+++ Input material +++

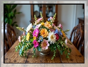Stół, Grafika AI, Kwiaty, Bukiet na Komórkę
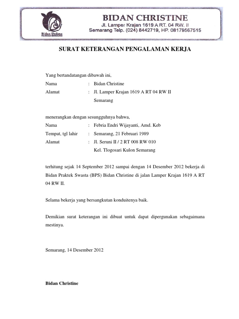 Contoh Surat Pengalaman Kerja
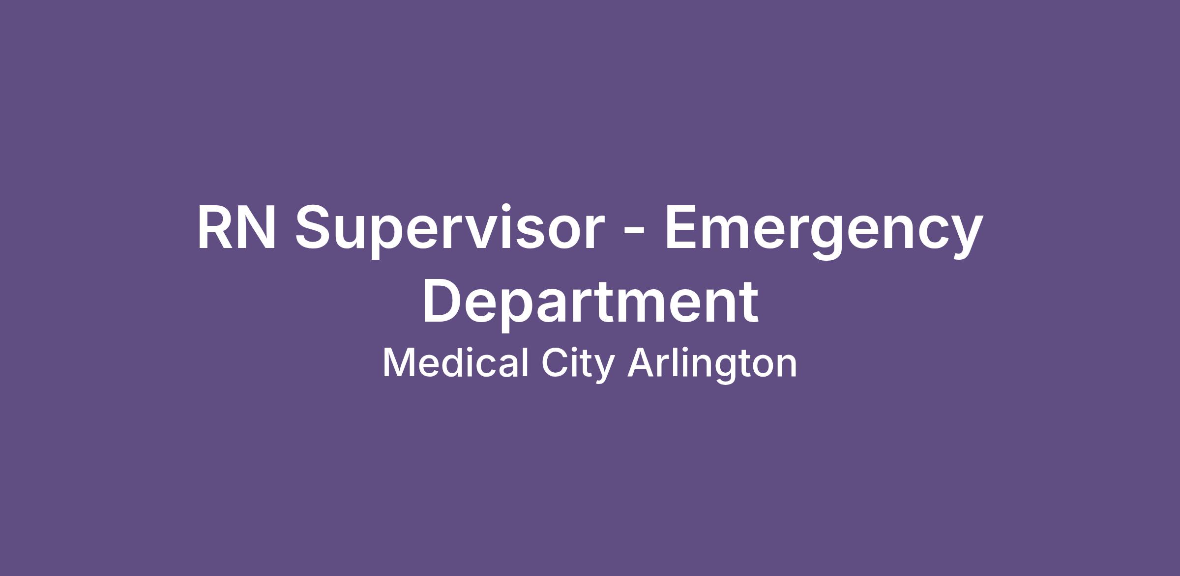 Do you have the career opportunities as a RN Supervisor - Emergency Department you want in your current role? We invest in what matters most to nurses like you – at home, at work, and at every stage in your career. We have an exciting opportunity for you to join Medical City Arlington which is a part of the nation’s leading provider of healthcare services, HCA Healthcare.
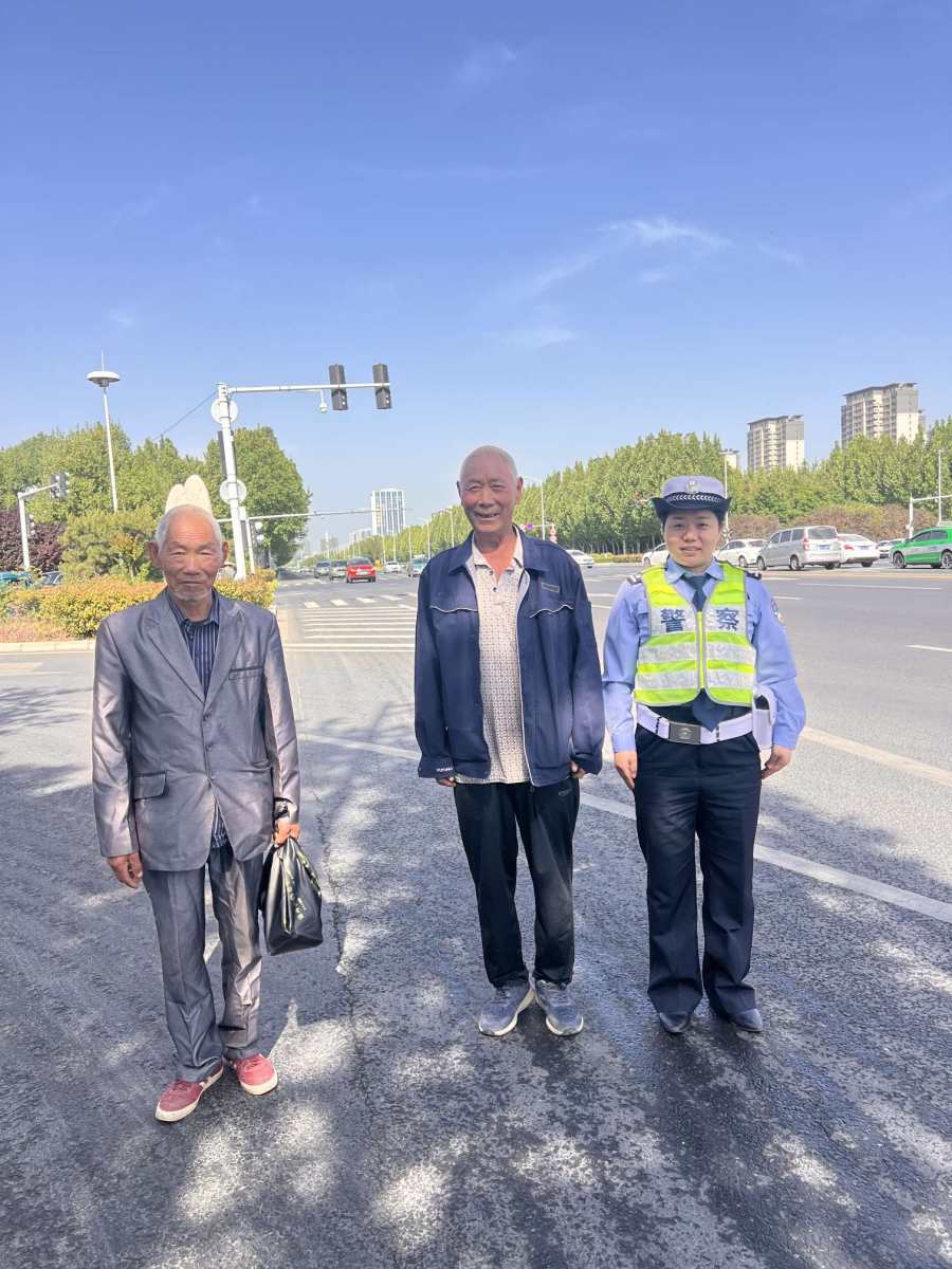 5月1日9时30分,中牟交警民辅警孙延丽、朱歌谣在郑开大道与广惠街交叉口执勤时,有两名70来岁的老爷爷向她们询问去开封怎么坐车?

+++
+++ Input material +++

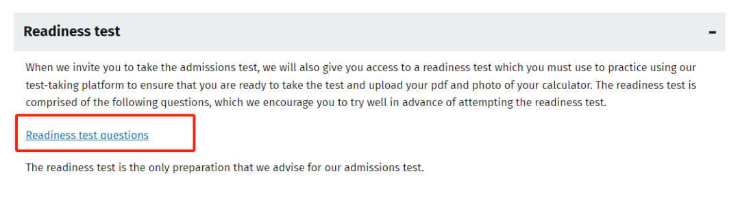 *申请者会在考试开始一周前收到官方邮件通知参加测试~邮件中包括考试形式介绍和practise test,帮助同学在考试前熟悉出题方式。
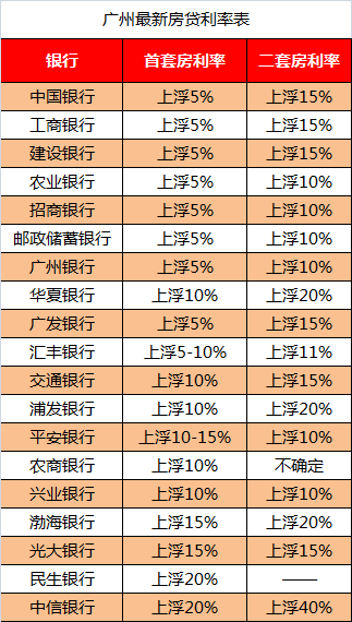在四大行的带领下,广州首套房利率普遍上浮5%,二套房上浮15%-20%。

+++

Your answer should be the lines above, word for word, from the line with "Contoh Surat Pengalaman Kerja" through the line with "5月1日9时30分,中牟交警", minus the pictures.

 Contoh Surat Pengalaman Kerja
 Do you have the career opportunities as a RN Supervisor - Emergency Department you want in your current role? We invest in what matters most to nurses like you – at home, at work, and at every stage in your career. We have an exciting opportunity for you to join Medical City Arlington which is a part of the nation’s leading provider of healthcare services, HCA Healthcare.
 5月1日9时30分,中牟交警民辅警孙延丽、朱歌谣在郑开大道与广惠街交叉口执勤时,有两名70来岁的老爷爷向她们询问去开封怎么坐车?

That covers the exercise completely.